A second resiliently deformable member with a first end and a second end could additionally be included, and a second cam member can be coupled to the shaft. The second cam member can be disposed to deform the second resiliently deformable member when the second cam member is pivoted, and a movable engaging structure can be operative relative to the second cam with a first condition where the second cam member is caused to pivot with the shaft whereby the shaft exhibits pivoting resistance and a second condition where the second cam member is not caused to pivot with the shaft. The movable engaging structure could be the same as or a different structure than the locking slide member that is operative relative to the first cam member.


Where first and second cam members are provided, the first cam member can be disposed to deform the resiliently compressible member over a first moment arm, and wherein the second cam member can be disposed to deform the first resiliently compressible member over a second moment arm different than the first moment arm. With that, first and second pivoting resistance zones can be established. Again where first and second cam members are provided, the movable engaging structure operative relative to the first cam member and the movable engaging structure operative relative to the second cam member could be separate locking members or a single locking member with a first position wherein the first cam member is locked to pivot with the shaft and a second position wherein the second cam member is locked to pivot with the shaft. Still further, the locking member could have a third position wherein the first and second cam members are locked to pivot with the shaft.

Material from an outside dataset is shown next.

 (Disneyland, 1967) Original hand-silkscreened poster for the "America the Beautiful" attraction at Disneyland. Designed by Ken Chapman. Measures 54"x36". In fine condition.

The first resiliently deformable member can be considered to have an initial deformation. That initial deformation could be adjustable. For example, the first resiliently deformable member comprises could be selectively compressible or decompressible to adjust the initial deformation of the first resiliently deformable member. In certain embodiments, the first cam member can have an eccentric portion disposed to engage the first end of the first resiliently compressible member and wherein the first resiliently deformable member can be selectively compressible or decompressible by operation of an extendable and retractable member disposed to engage the second end of the first resiliently compressible member. By way of example and not limitation, the extendable and retractable member could be a rotatable, threaded rod. The rod can have a tip that engages the second end of the first resiliently compressible member, and the first cam member can have a tip that engages the first end of the first resiliently compressible member. With that, the first resiliently compressible member can be supported by the tips of the threaded rod and the first cam member.

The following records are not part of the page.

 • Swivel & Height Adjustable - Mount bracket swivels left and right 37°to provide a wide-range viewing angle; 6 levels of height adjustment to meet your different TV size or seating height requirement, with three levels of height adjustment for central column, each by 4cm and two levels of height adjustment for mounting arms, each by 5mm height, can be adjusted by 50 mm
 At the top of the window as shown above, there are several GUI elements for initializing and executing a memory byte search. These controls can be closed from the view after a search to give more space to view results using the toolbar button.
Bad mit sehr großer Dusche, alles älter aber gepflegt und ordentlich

One will appreciate that the foregoing discussion broadly outlines the more important goals and features of the invention to enable a better understanding of the detailed description that follows and to instill a better appreciation of the inventor's contribution to the art. Before any particular embodiment or aspect thereof is explained in detail, it must be made clear that the following details of construction and illustrations of inventive concepts are mere examples of the many possible manifestations of the invention.

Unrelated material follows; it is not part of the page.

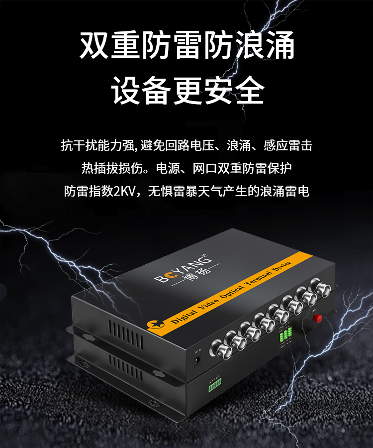 博扬(BOYANG)模拟视频光端机8路视频+1路485反向数据 光纤收发器延长器 单纤单模FC接口 黑色

BRIEF DESCRIPTION OF DRAWINGS

In the accompanying drawing figures:



FIG. 1 is a perspective view of a pivoting mechanism with gross and fine resistance adjustment according to the present invention;



FIG. 2 is an exploded perspective view of the pivoting mechanism of FIG. 1;



FIG. 3 a perspective view of a pivoting shaft retaining left and right armrests pursuant to the invention;



FIG. 4 is a perspective view of a locking slide pursuant to the invention disclosed herein;



FIG. 5 is a perspective view a pivoting cam as taught herein;



FIG. 6 is an exploded perspective view of a spring arrangement under the instant invention;



FIG. 7 is a partially sectioned view in side elevation of the pivoting mechanism of FIG. 1 in a first configuration;



FIG. 8 is a partially sectioned view in side elevation of the pivoting mechanism of FIG. 1 in a second configuration;



FIG. 9 is a partially-sectioned view in side elevation of an alternative pivoting mechanism as taught herein;



FIG. 10 is a rearward perspective view of the pivoting mechanism of FIG. 1 with the fine tension adjustment handles in an outwardly facing disposition;



FIG. 11 is a rearward perspective view of the pivoting mechanism of FIG. 1 with the fine tension adjustment in an inwardly facing disposition;



FIG. 12 is a perspective view of the pivoting mechanism of FIG. 1 with left and right slider brackets secured in place;



FIG. 13 is a perspective view of the pivoting mechanism of FIG. 1 with a seat secured in place;



FIG. 14 is a cross-sectional view of the pivoting mechanism taking along the line 14-14 in



FIG. 1 in a first resistance setting;



FIG. 15 is a cross-sectional view of the pivoting mechanism taking along the line 14-14 in FIG. 1 in a second resistance setting;



FIG. 16 is a schematic view of a first spring arrangement and various resistance settings therefor;



FIG. 17 is a schematic view of a second spring arrangement and various resistance settings therefor;



FIG. 18 is a perspective view of an alternative pivoting mechanism with gross and fine resistance adjustment under the present invention;



FIG. 19 is a view in side elevation of a chair incorporating a pivoting mechanism according to the present invention;



FIG. 20 is a view in side elevation of an alternative chair incorporating the pivoting mechanism of the invention;



FIG. 21 is a perspective view of a pivoting mechanism as disclosed herein;



FIG. 22 is a partially exploded perspective view of the pivoting mechanism of FIG. 21;



FIG. 23 is an exploded perspective view of the pivoting mechanism of FIG. 21;



FIG. 24 is a perspective view of an alternative pivoting mechanism pursuant to the present invention;



FIG. 25 is a partially exploded perspective view of the pivoting mechanism of FIG. 24; and



FIG. 26 is a diagram depicting the gross and fine tension adjustment characteristics of a pivoting mechanism according to the invention.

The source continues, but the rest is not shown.